──────── Source material

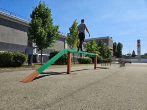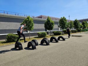 Полоса препятствий включает в себя: стену, брусья, лабиринт, ров, пеньки, завал, подземный переход и 100-метровую дорожку. Занятия проводятся в рамках модуля «Физическая подготовка», предусмотренного образовательными программами Центра.
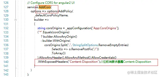 .WithExposedHeaders("Content-Disposition");//应前端要求暴露Content-Disposition
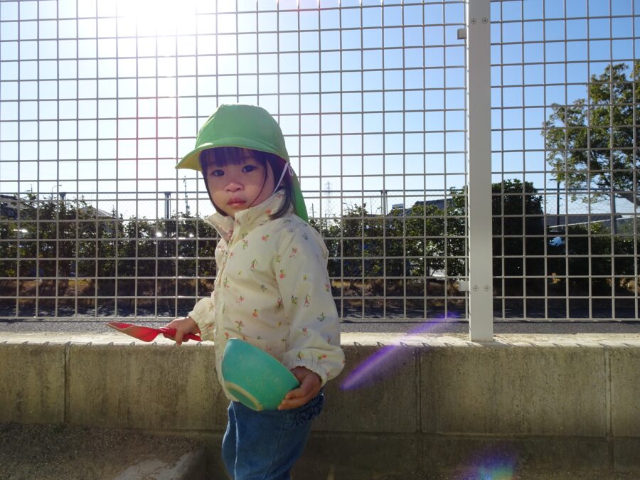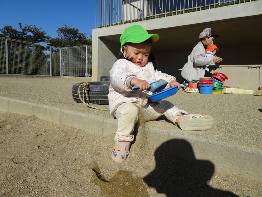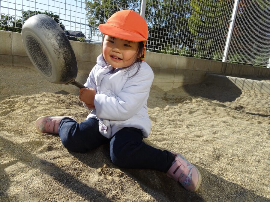 スコップとお皿を手に持ち、砂場で遊んでいました![]()
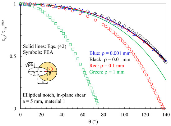 Discs with t = 1 mm and weakened by elliptical notches. Mode 2 loadings, material 2. Induced out-of-plane stress component τzy along the notch bisector together with a comparison with Equation (42). Different values for the notch root radius.
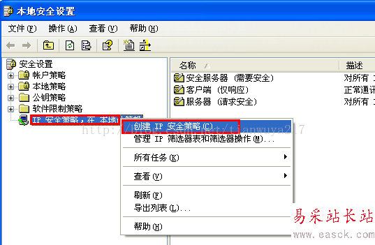 (2) 右鍵選擇“IP安全策略”——?jiǎng)?chuàng)建IP安全策略
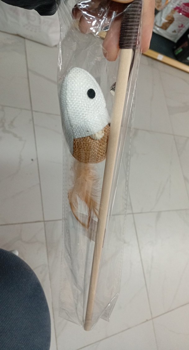 Tüy detaylı beyaz kedi oltası oyuncağı, çubuklu ve kedinizin ilgisini çekecek şekilde tasarlanmıştır.
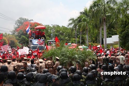 四月十日中午,两千多名泰国反独裁民主联盟红衫军聚集在帕塔亚东亚领导人系列会议中心门口进行示威抗议活动,泰国警方派出大批人员维持秩序。东亚领导人系列会议定于4月10日至12日在泰国帕塔亚市举行。中新社发 顾时宏 摄

────────────────

What is needed here is an exact transcription of every record above, with images excluded.

 Полоса препятствий включает в себя: стену, брусья, лабиринт, ров, пеньки, завал, подземный переход и 100-метровую дорожку. Занятия проводятся в рамках модуля «Физическая подготовка», предусмотренного образовательными программами Центра.
 .WithExposedHeaders("Content-Disposition");//应前端要求暴露Content-Disposition
 スコップとお皿を手に持ち、砂場で遊んでいました![]()
 Discs with t = 1 mm and weakened by elliptical notches. Mode 2 loadings, material 2. Induced out-of-plane stress component τzy along the notch bisector together with a comparison with Equation (42). Different values for the notch root radius.
 (2) 右鍵選擇“IP安全策略”——?jiǎng)?chuàng)建IP安全策略
 Tüy detaylı beyaz kedi oltası oyuncağı, çubuklu ve kedinizin ilgisini çekecek şekilde tasarlanmıştır.
 四月十日中午,两千多名泰国反独裁民主联盟红衫军聚集在帕塔亚东亚领导人系列会议中心门口进行示威抗议活动,泰国警方派出大批人员维持秩序。东亚领导人系列会议定于4月10日至12日在泰国帕塔亚市举行。中新社发 顾时宏 摄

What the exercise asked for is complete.